LISTED ENTRIES:
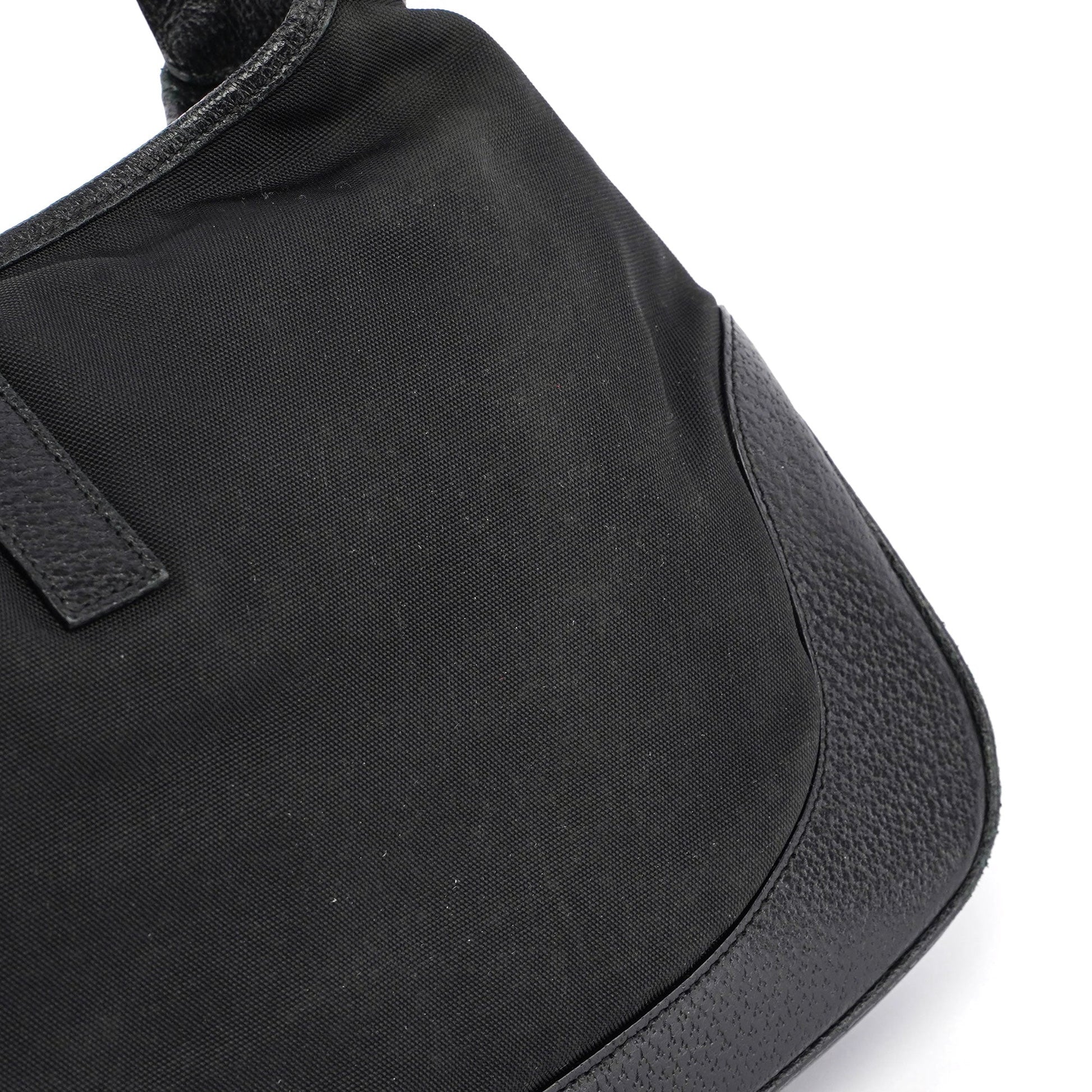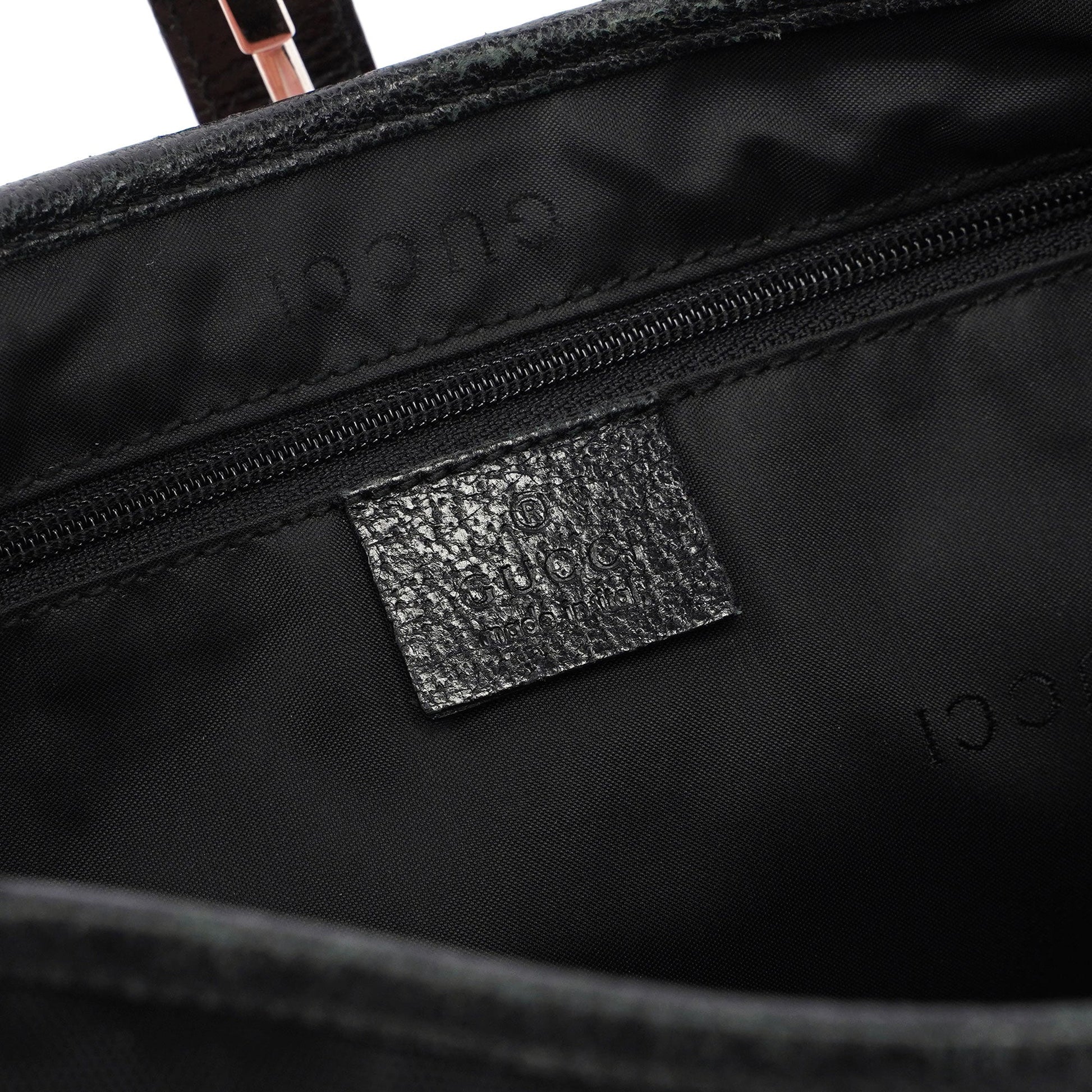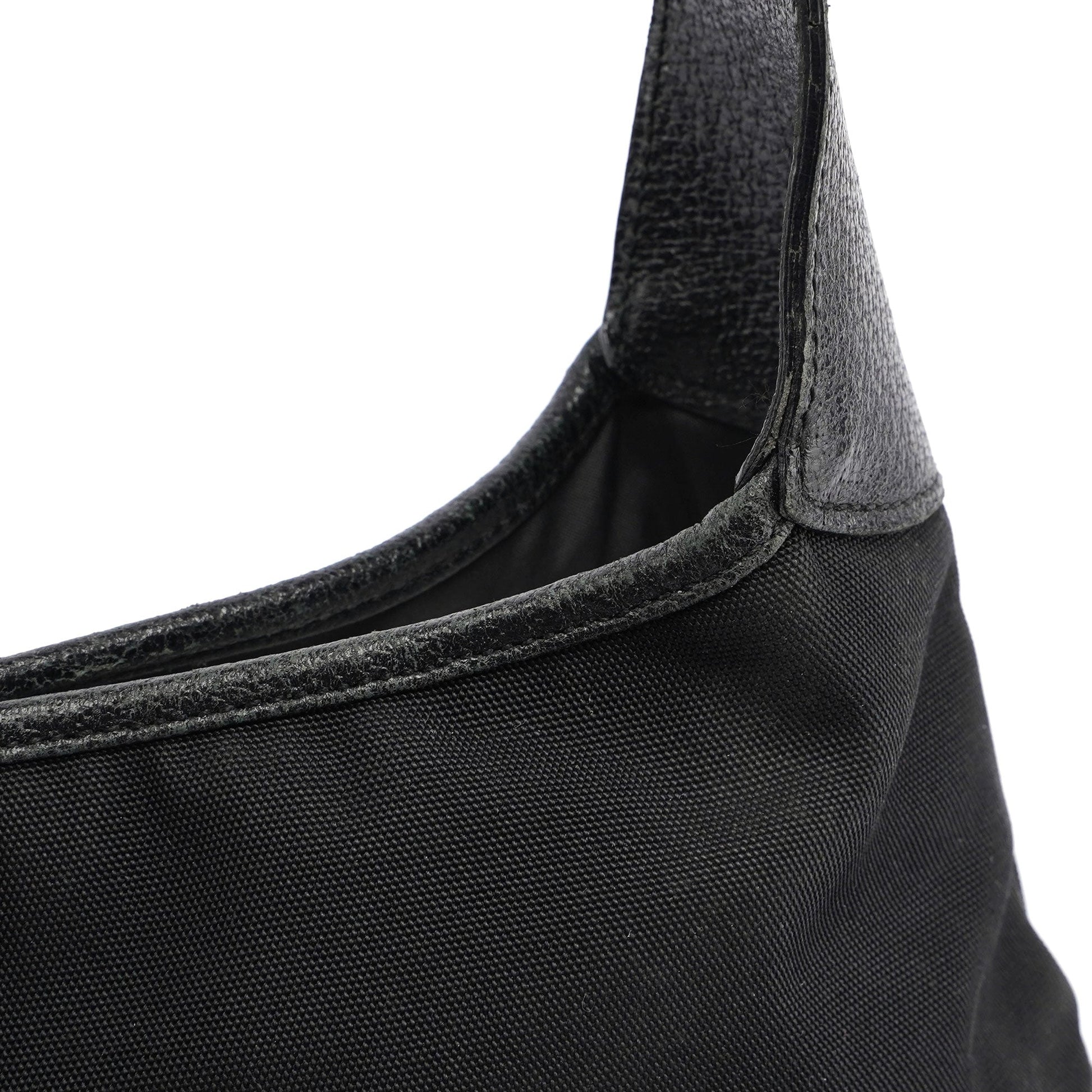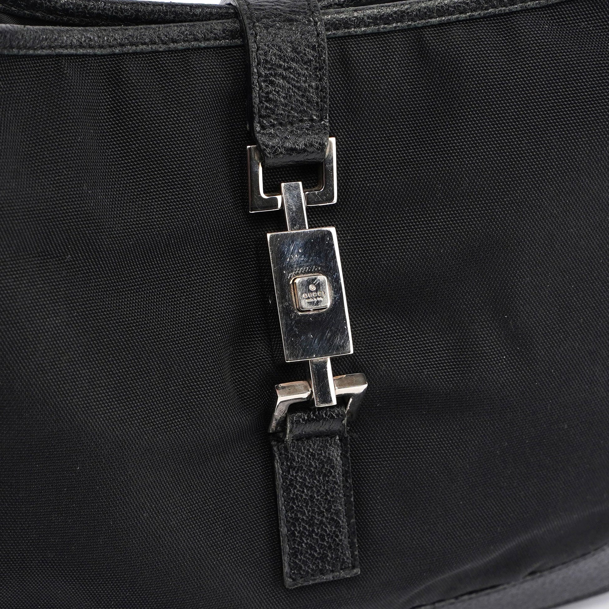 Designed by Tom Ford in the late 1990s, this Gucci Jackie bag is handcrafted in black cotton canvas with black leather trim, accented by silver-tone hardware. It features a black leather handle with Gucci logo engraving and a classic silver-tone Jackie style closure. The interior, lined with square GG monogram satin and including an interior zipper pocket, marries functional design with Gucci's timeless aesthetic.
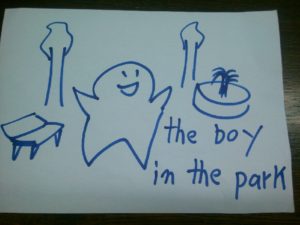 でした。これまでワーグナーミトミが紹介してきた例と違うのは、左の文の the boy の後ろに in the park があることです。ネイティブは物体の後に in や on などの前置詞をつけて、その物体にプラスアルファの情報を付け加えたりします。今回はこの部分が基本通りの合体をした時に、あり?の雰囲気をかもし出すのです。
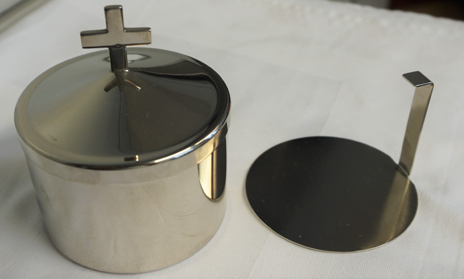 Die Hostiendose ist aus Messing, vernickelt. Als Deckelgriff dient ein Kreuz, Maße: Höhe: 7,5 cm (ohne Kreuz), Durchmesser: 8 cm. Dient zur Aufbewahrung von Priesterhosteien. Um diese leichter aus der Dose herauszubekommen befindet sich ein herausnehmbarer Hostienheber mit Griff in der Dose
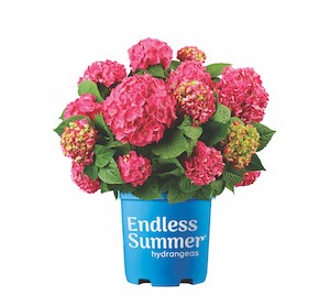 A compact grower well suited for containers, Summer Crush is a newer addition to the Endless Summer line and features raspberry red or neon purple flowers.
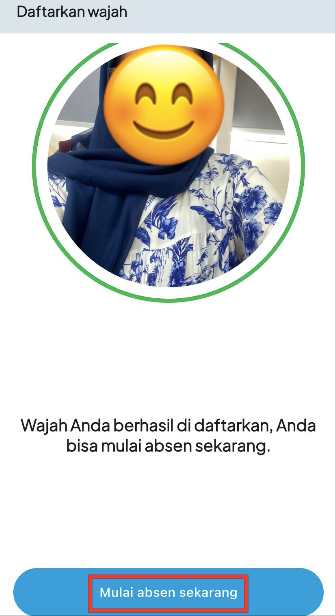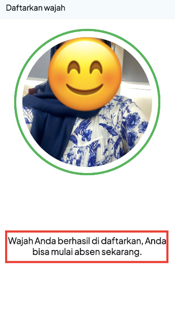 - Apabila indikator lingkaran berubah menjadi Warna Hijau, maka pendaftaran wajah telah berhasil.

TASK PROMPT:
Going back to the data above, write out everything from the line with "でした。これまでワーグナーミトミが紹介してきた例と違うのは、左の文の the boy" down to the line with "Die Hostiendose ist", both included, leaving every picture out.

COMPLETED TASK:
 でした。これまでワーグナーミトミが紹介してきた例と違うのは、左の文の the boy の後ろに in the park があることです。ネイティブは物体の後に in や on などの前置詞をつけて、その物体にプラスアルファの情報を付け加えたりします。今回はこの部分が基本通りの合体をした時に、あり?の雰囲気をかもし出すのです。
 Die Hostiendose ist aus Messing, vernickelt. Als Deckelgriff dient ein Kreuz, Maße: Höhe: 7,5 cm (ohne Kreuz), Durchmesser: 8 cm. Dient zur Aufbewahrung von Priesterhosteien. Um diese leichter aus der Dose herauszubekommen befindet sich ein herausnehmbarer Hostienheber mit Griff in der Dose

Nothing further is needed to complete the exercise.